She lists the qualities she has derived from her intimate friendships with women: “Tenderness. Sharing. Trust. Honesty. Support. Strong and clean emotions. Respect — above all, respect. If you want those good things in your life in Saudi Arabia, you can only get them from a woman. You will seldom get them from a Saudi man, at least not from any Saudi man that I have met — especially not respect. There are very few Saudi men who treat their women as truly equal partners in life — not in their hearts.”

Mashael believes the problem lies in the overwrought, convention-obsessed atmosphere of the kingdom itself, with its emphasis on appearances and “face”.

“It’s amazing,” she says, “how my husband becomes a different man when we go on holiday and can escape from this country — even to Bahrain. We start to do things as a couple. We go shopping together. We play together in the swimming pool. The children become closer to us. The whole family benefits. I’m without my black [clothes], he’s without his headdress. It’s as if, by taking off our Saudi costumes, we’ve become ordinary human beings, not putting on an act, just natural and warm. He says he can feel my warmth.

“Then we bump into some friends from home, and he freezes. Once, we were walking together in the street somewhere abroad, and we saw some Saudis coming from the other way. He just walked off in another direction, as if he was nothing to do with me.”

In 2009, it has to be said, it is possible to see young Saudi couples, presumably married, walking hand in hand in shopping malls — with the woman, usually, covered totally by a veil. But such public expressions of affection remain the exception, and traditionalists see nothing wrong with that. Social conservatism is the glue that is holding the kingdom together, in their view, while more laid-back Arab societies have fallen apart.

“Look at our neighbours in the Middle East,” says one traditional Saudi. “Look at the Lebanese. They are considered to be the sophisticates, the ‘Europeans’ of the area, so clever and free and easy, compared with us, the old-fashioned, conventional tribal stick-in-the-muds. They drink wine and hold hands. But look at the mess that the Lebanese have made of their government. They have great cooking and lousy politics — with militia carrying weapons in the streets. What’s wrong with a bit of oldfashioned tribal toughness and deference to those in authority, saying your prayers and sticking to the rules?”

The rules, however, can lead to tragedy. On March 11, 2002, a fire broke out at a girls’ school in Mecca, and as the flames spread, the girls and their teachers started running for the street. The girls were dressed in their school uniforms, but in their haste they did not have time to collect their abayas.

Guarding the entrance to the school were some bushybearded members of the religious police, who were not prepared to let them out unless they were wearing their abayas and veils.

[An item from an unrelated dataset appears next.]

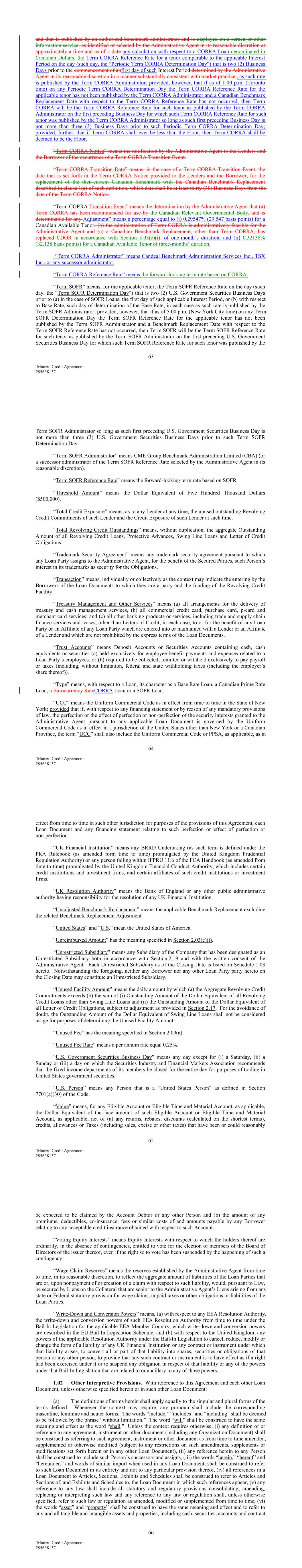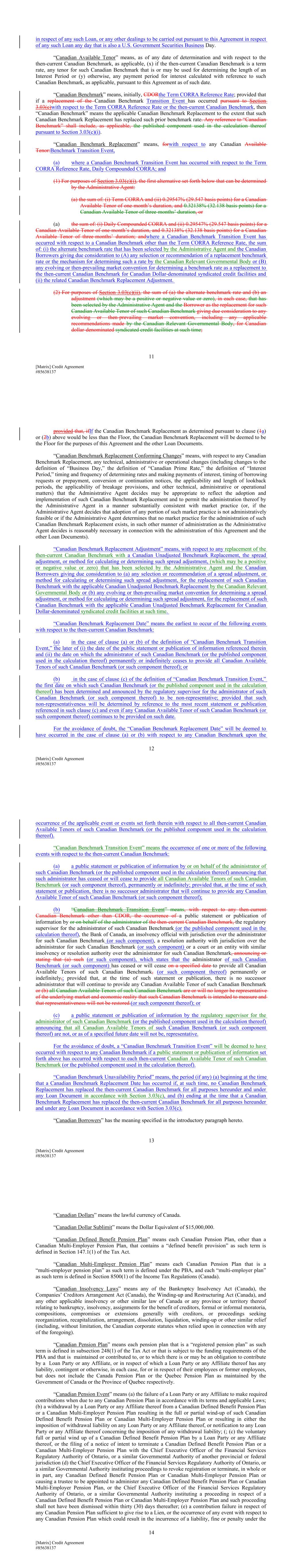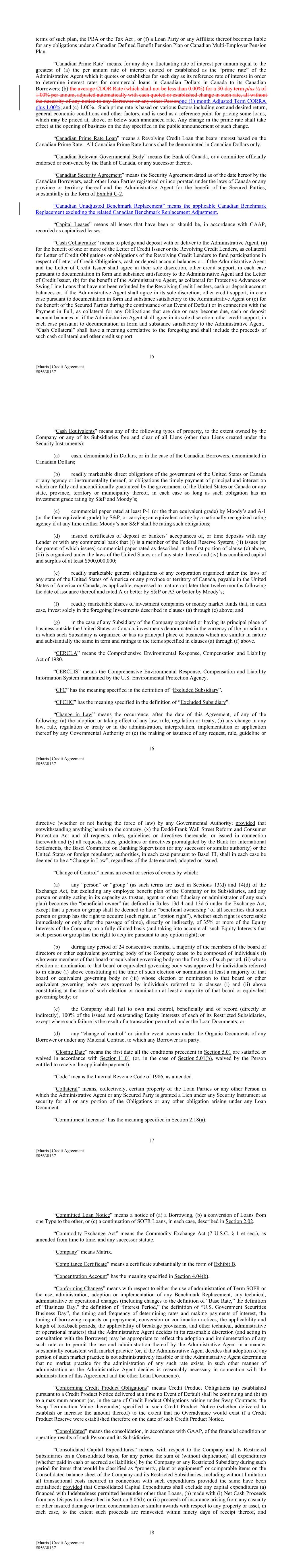以及由获授权基准管理人发布并显示在屏幕或其他信息服务上的信息,由行政代理人在大约某一时间和截至某一日期以加元计价的CORRA贷款的任何计算确定或选择,期限CORRA参考利率相当于当日适用的利息期(该日,“定期期限CORRA确定日”)指行政代理人以其合理酌情权以基本符合市场惯例的方式确定的该利息期的第一天开始前两(2)个工作日,因为该利率由期限CORRA管理人公布;但前提是,如果截至下午1:00(多伦多时间)在任何定期期限CORRA确定日,适用期限的期限CORRA参考利率尚未由期限CORRA管理人公布,并且没有发生关于期限CORRA参考利率的加拿大基准替换日期,则CORRA Term将是CORRA Term Administrator在CORRA Term Administrator公布该期限的CORRA参考利率的前一个工作日公布的该期限的CORRA Term参考利率,只要该前一个工作日不超过该定期期限CORRA确定日前三(3)个工作日;此外,如果CORRA Term应永远低于下限,则CORRA Term应被视为下限。“期限CORRA通知”是指行政代理人向出借人和借款人发出的发生期限CORRA转换事件的通知。“Term CORRA转换日期”是指,在Term CORRA转换事件的情况下,向贷款人和借款人提供的Term CORRA通知中规定的日期,用于用该定义第1(a)条所述的加拿大基准替换当时当前的加拿大基准,该日期应为自Term CORRA通知之日起至少三十(30)个工作日。“Term CORRA过渡事件”是指行政代理人确定(a)Term CORRA已被推荐给加拿大相关政府机构使用,并且可对任何调整进行确定”是指等于(i)加拿大可用期限的0.29547%(29.547个基点)的百分比,(b)Term CORRA的管理对行政代理人而言在行政上是可行的,以及(c)除Term CORRA之外的加拿大基准更替已根据第3.03(c)(i)节替换了1个月期限的CDOR,以及(ii)0.32 138%(32.138个基点)加拿大可用期限为三个月期限。“术语CORRA管理员”是指Candeal Benchmark Administration Services Inc.、TSX Inc.或任何继任管理员。“期限CORRA参考利率”是指基于CORRA的前瞻性期限利率。“Term SOFR”就适用期限而言是指(a)在SOFR贷款的情况下,在(a)前两(2)个美国政府证券营业日(“Term SOFR确定日”)的Term SOFR参考利率,该适用利息期的第一天,或(b)就基准利率而言,基准利率的确定日,在每种情况下,该利率由Term SOFR管理员公布;但是,前提是,如果截至任何期限SOFR确定日下午5:00(纽约市时间),期限SOFR管理人尚未公布适用期限的期限SOFR参考利率,也没有发生关于期限SOFR参考利率的基准替换日期,然后,Term SOFR将是Term SOFR Administrator在63 [ Matrix ] Credit Agreement # 85638137 Term SOFR Administrator发布的该期限SOFR参考利率的前第一个美国政府证券营业日发布的该期限SOFR参考利率,只要该前第一个美国政府证券营业日不超过该期限SOFR确定日前三(3)个美国政府证券营业日。“任期SOFR管理人”是指芝加哥商品交易所 BenchMark Administration Limited(CBA)(或由行政代理人合理酌情选择的任期SOFR参考利率的继任管理人)。“期限SOFR参考利率”是指基于SOFR的前瞻性期限利率。“门槛金额”是指相当于五十万美元(50万美元)的美元。“总信用敞口”是指,对于任何贷款人在任何时间,该贷款人未使用的未偿还循环信贷承诺以及该贷款人在该时间的信用敞口。“循环信贷未偿总额”是指,不重复,所有循环信贷未偿总额、保护性垫款、 周转额度贷款和信用证义务。“商标担保协议”是指任何贷款方为担保方的利益向行政代理人转让该人在其商标中的权益作为债务担保的任何商标担保协议。“交易”是指单独或集体作为上下文可能表明借款人输入其作为当事方的贷款文件以及循环信贷融资的资金。“金库管理及其他服务”是指(a)交付金库和现金管理服务的所有安排,(b)所有商业信用卡、采购卡、p卡和商户卡服务;(c)在每种情况下,向任何贷款方或任何贷款方的关联公司订立或维持且不受贷款文件明文条款禁止的所有其他银行产品或服务,包括贸易和供应链金融服务和租赁,但信用证除外。“信托账户”是指存款账户或证券账户,其中包含现金、现金等价物或证券(a)专为雇员福利付款和与贷款方雇员相关的费用而持有,或(b)专为支付工资或税款(包括但不限于联邦和州预扣税(包括雇主的份额)而需要收取、汇出或扣缴的款项。“类型”是指,就贷款而言,其性质为基本利率贷款、加拿大最优惠利率贷款、欧洲货币利率CORRA贷款或SOFR贷款。“UCC”是指在纽约州不时生效的统一商法典;条件是,如果就任何融资报表而言,或由于任何强制性法律规定,根据任何适用的贷款文件授予行政代理人的担保权益的完善性或完善性或非完善性的效果受在除纽约州或加拿大省以外的美国司法管辖区有效的统一商法典管辖,“UCC”一词还应包括统一商法典或PPSA,如适用,如64 [ Matrix ]信贷协议# 85638137中所述,就本协议的规定而言,每份贷款文件和与此种完善或完善或不完善的效果有关的任何融资报表在该等其他司法管辖区不时生效。“英国金融机构”是指任何BRRD承诺(该术语在英国审慎监管局颁布的《PRA规则手册》(不时修订的表格)下定义)或属于英国金融行为监管局颁布的《FCA手册》(不时修订的)IFPRU 11.6范围内的任何人,其中包括某些信贷机构和投资公司,以及此类信贷机构或投资公司的某些关联公司。“英国决议当局”是指英国央行或任何其他公共行政当局,对任何英国金融机构的决议负有责任。“未调整基准更换”是指不包括相关基准更换调整的适用

The long skirts and long sleeves of the girls’ school uniforms were modest by most people’s standards, but that was not good enough for the male guardians of their morality.
They kept the doors barred and, according to eyewitnesses, three of the “holy ones” actually beat some of the girls who tried to force their way to safety. Trapped inside the burning building, 15 girls died and more than 50 others were injured.

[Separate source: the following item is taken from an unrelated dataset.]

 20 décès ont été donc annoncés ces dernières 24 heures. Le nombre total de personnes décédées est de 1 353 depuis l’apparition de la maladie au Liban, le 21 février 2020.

Dr Khaled Bahaziq, a childhood friend of Osama Bin Laden and veteran of the jihad against the Russians in Afghanistan, is trying to change the male Saudi mindset.

His experiences in Afghanistan led him to think about “how people could learn to live together in harmony — and man-woman relations are the basis of that”.

Khaled, a university lecturer, started to volunteer for an Islamic charity, attending the domestic law courts to offer support to the victims of divorce and custody cases — who were invariably women.

“I used to cry as I watched some of those cases. Many women had asked their husbands for their rights, and had been given a violent answer. They had been battered. One woman had lost her sight in one eye. But the courts gave no redress. So far as I could see, everything in the legal process, and especially the prejudice of the male judges, favoured the man.”

Looking in Islam, Khaled could find no justification for this. “Nowhere in the Koran does it say that the woman must serve the man. If anything, it is the other way round. That is how the Prophet acted. It is famous that he did all the work for his wives.”

Feeling certain that he was dealing with a social, not a religious, problem, the former mujahid became a marriage counsellor and was offered a weekly show on a cable channel. His earnest advice that men should behave more gently and sweetly towards their wives turned out to be a hit.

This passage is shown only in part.